Accessing the User Data in TapCellar

From TapCellar, export your data backup from within the preferences (swipe from left to right). You can put it in Dropbox or any other app that has a sharing extension.

Change the extension from .tap to .zip. Now you can extract and get at your data in the JSON format.

Run the user contributed tap-utils Ruby scripts to get a breakdown of the styles in your backup.

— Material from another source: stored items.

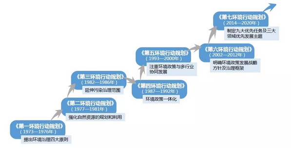 應(yīng)巴黎會議要求,歐共體委員會在1973年推出了歐共體第一個環(huán)境行動規(guī)劃(1973-1976),規(guī)定了5年內(nèi)歐共體環(huán)境政策的目標(biāo)、內(nèi)容,并對環(huán)境政策內(nèi)容進行了具體闡釋。截止目前,歐盟已經(jīng)通過了7份環(huán)境行動計劃,對歐盟環(huán)境政策的完善、共同體內(nèi)的環(huán)境保護水平的提高有重大意義。
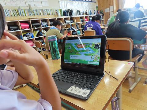 4年生の教室にいってみると、PCで社会科の学習での観光地クイズすごろくみたいなものをやっている児童がいました。3人グループをネット上で編成して、東京地区をめぐっていました。8/28より東北文教大学より本校卒業生の嶋貫さんが、スクールサポーターとして2週間の体験学習に来てくださっています。5年生の英語では、子どもたちとの対話を手伝ってくれています。休み時間などもいろいろな子どもたち遊んでくれています。
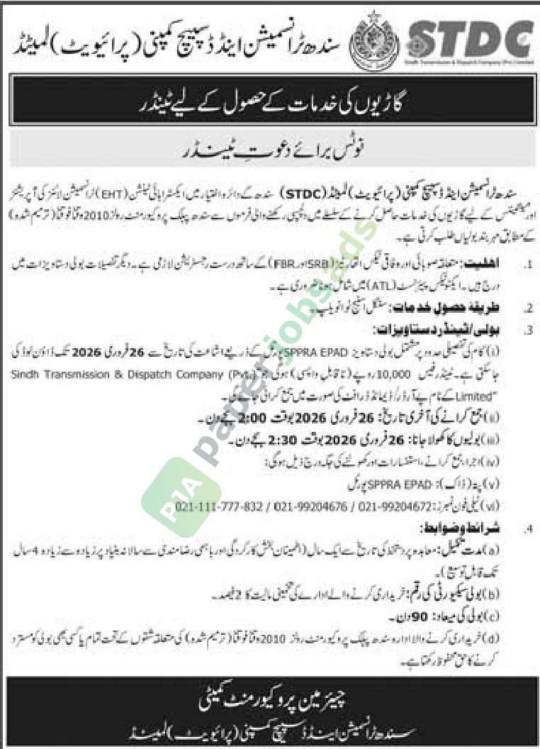 A government tender notice has been issued by Sindh Transmission & Dispatch Company (Pvt.) Limited (STDC), Karachi. The bid submission deadline is 26 February 2026. Originally published in Daily Jang on 5 February 2026.
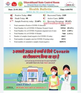 21 जनवरी, गढ़वाल का विकास डॉट कॉम, देहरादून। उत्तराखंड में कोरोना के मामलें थमने का नाम नहीं ले रहे है। स्वास्थ विभाग द्वारा आज जारी हेल्थ बुलेटिन में कोरोना के 4964 नए मामले सामने आए है, जबकि आज कोरोना से 8 मरीजो की मौत हुई है। बुलेटिन के मुताबिक आज जहां 2189 मरीजों ने कोरोना को मात दी, वहीं प्रदेश में कोरोना के एक्टिव मामलों की संख्या बढ़कर 26950 तक पहुँच गयी है।
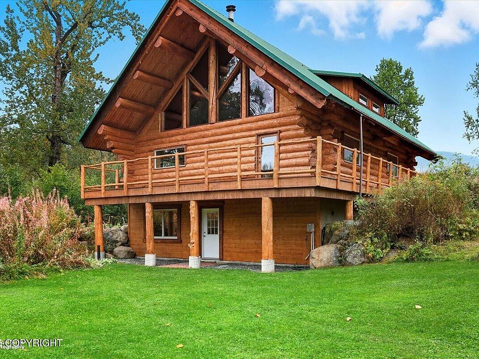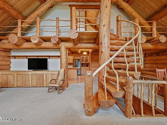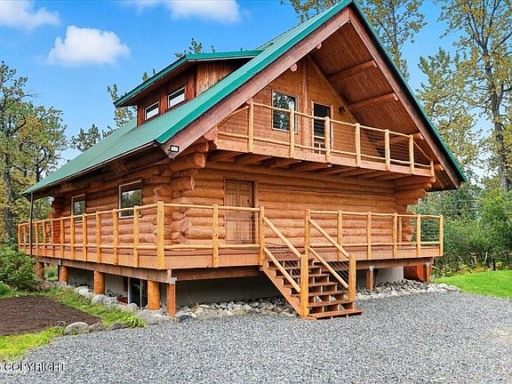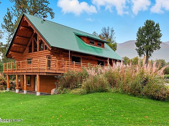 Escape to timeless craftsmanship and comfort in this idyllic 2,880 sq ft log home situated on 4.53 private acres with stunning views in the Fishhook area of Palmer, Alaska. Nestled at the base of Hatcher Pass and just minutes from Government Peak Recreation Area, this 3-bedroom, 2.5-bath, hand scribed log home offers year-round adventure with nearby skiing, hiking, and mountain biking and more!Inside... custom log details, vaulted ceilings, and a handcrafted spiral staircase create a rustic yet refined atmosphere, while natural light streams through the huge South facing cathedral windows in the main living area, and a cozy wood stove anchors the living space. The daylight basement adds bonus flexibility with an additional living space and more storage, and the expansive deck invites you to take in the breathtaking mountain views and setting. Outdoor lovers and will appreciate the established berry growing operation with over FOUR HUNDRED (400!!!) berry plants including 110+ Honeyberry plants, 300+ Boyne Raspberry plants, a large Strawberry patch along with some Rhubarb plants, and the secluded, wooded surroundings. You will be just a few minutes from *millions* of acres of public land! Whether you're searching for a private residence, second home, or Alaska lifestyle investment, this log retreat is a rare find in the Palmer real estate market.
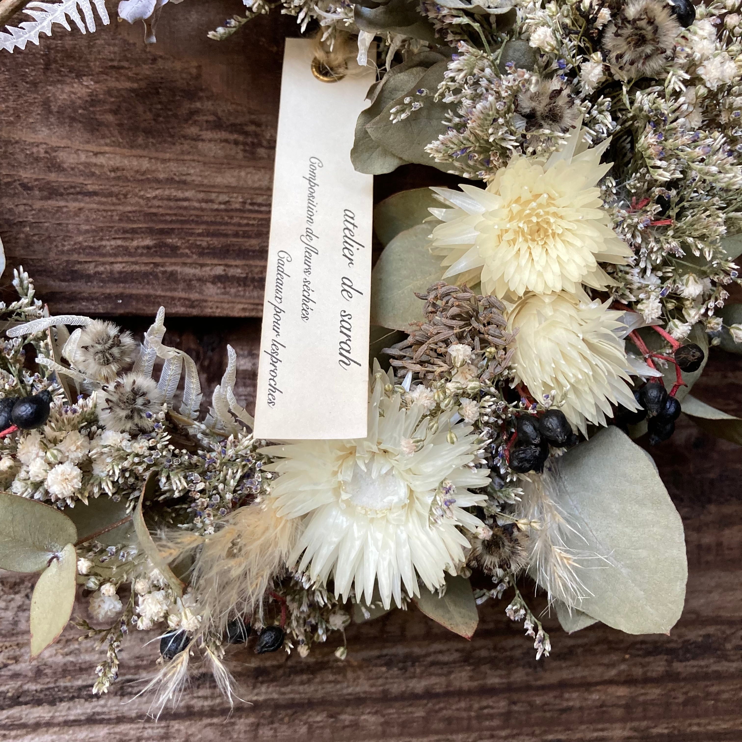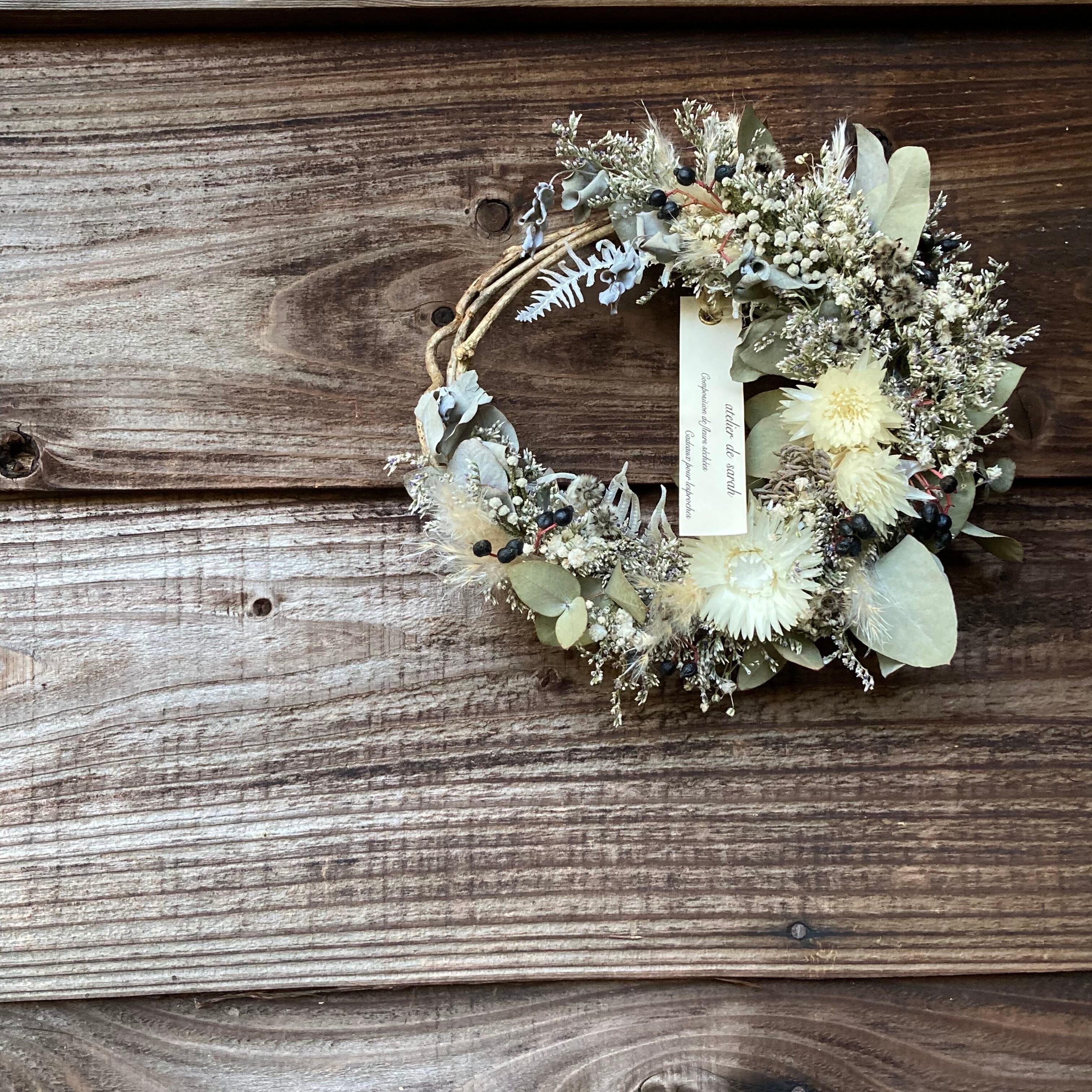 白いシンカルファカップブルーメンを主役にあしらったグレイッシュな大人可愛いハーフムーンリースです✨✨

I really love the average grade breakdown:

I didn't want to be left out of the party (and finally have some spare hours) so I created my own scripts for converting the structured JSON backup to flat CSV.

CSV Export

This little script parses the JSON backup file and builds a flat CSV file of every beer you've edited or graded, including the beer details like IBU and ABV (if they exist).

#!/usr/bin/env python

import json
import sys
import os
from csv import writer

fname = str(sys.argv[1])
if os.path.isfile(fname):
    parent_path = os.path.dirname(fname)
else:
    print "Please provide a file as an argument"
    # Probably too lazy but at least it checks to see if it's a file
    sys.exit()

with open(fname) as in_file, \
     open(parent_path+'/TapCellarCSV_Converted.csv', 'w') as out_file:
    print >> out_file, 'style, beername, brewery, grade, abv, cellar, ibu, srm, vintage, journal_count, created_date'
    csv = writer(out_file)
    beer_count = 0

    for line in in_file:

        beer = json.loads(line)
        for item in beer["tapcellarbeers"]:
            beer_count += 1
            journal_count = 0
            # Pull out various data from the beers
            my_style = item.get("style", "")
            my_name = item.get("beername", "")
            my_brewery = item.get("breweryname", "")
            my_grade = item.get("grade", "0")
            my_abv = item.get("abv", "")
            my_cellar = item.get("cellarcount", "0")
            my_ibu = item.get("ibu", "")
            my_srm = item.get("srm", "")
            my_vintage = item.get("vintage", "")
            my_created_date = item.get("createddate", "")
            try:
                journal = item.get("tastings")
                #just try to get it and apologize later if it doesn't exist
                for tasting in journal:
                    # add up all the journal entries because it's interesting
                    journal_count += 1
            except:
                pass

            my_journal_count = journal_count
            row = (my_style, my_name, my_brewery, my_grade,my_abv, my_cellar, my_ibu, my_srm, my_vintage, my_journal_count, my_created_date)
            values = [(value.encode('utf8') if hasattr(value, 'encode') else value) for value in row]
            csv.writerow(values)

# Tell me what you did. 
print "# Beers Exported:", beer_count
print "CSV data exported to " + parent_path+'/TapCellarCSV_Converted.csv'

Import the CSV into Excel or Numbers and have fun analyzing your drinking preferences. I've been having tremendous fun making the scripts but it's even more fun looking at my data.

Timeline

TapCellar logs a couple different timestamps: First modification time, last edit time and journal edit time. The modification and last edit time is updated on changes to the beer detail, like grading. That timestamp isn't as useful to me since I often search and grade beers even when I'm not drinking them.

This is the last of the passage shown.